Extracted information:
----
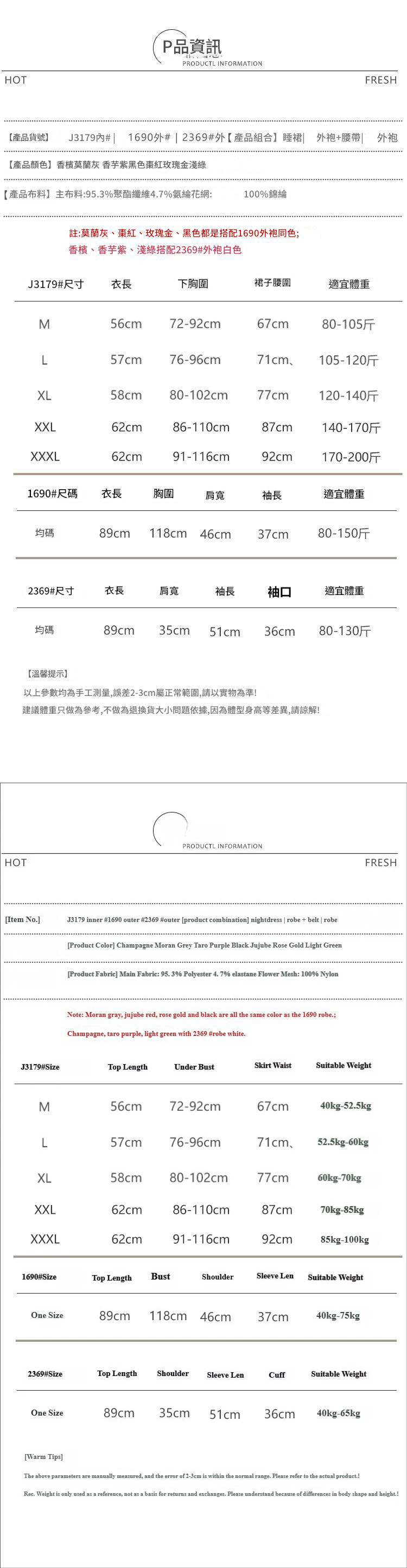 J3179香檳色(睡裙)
----
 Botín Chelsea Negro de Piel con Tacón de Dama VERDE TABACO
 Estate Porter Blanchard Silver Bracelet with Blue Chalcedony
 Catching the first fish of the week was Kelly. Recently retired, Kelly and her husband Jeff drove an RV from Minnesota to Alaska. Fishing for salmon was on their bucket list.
----
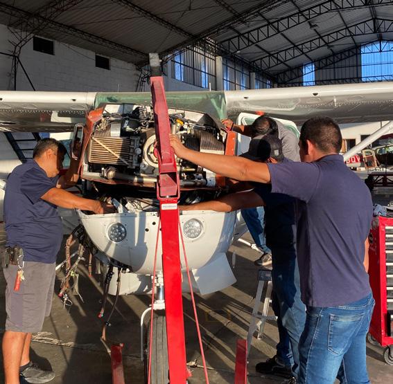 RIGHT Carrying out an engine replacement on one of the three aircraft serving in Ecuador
----
Could you set down, exactly as written, the lines above between the one holding "Botín Chelsea Negro" and the one holding "Estate Porter Blanchard", inclusive, and nothing more?

Answer to this problem:
 Botín Chelsea Negro de Piel con Tacón de Dama VERDE TABACO
 Estate Porter Blanchard Silver Bracelet with Blue Chalcedony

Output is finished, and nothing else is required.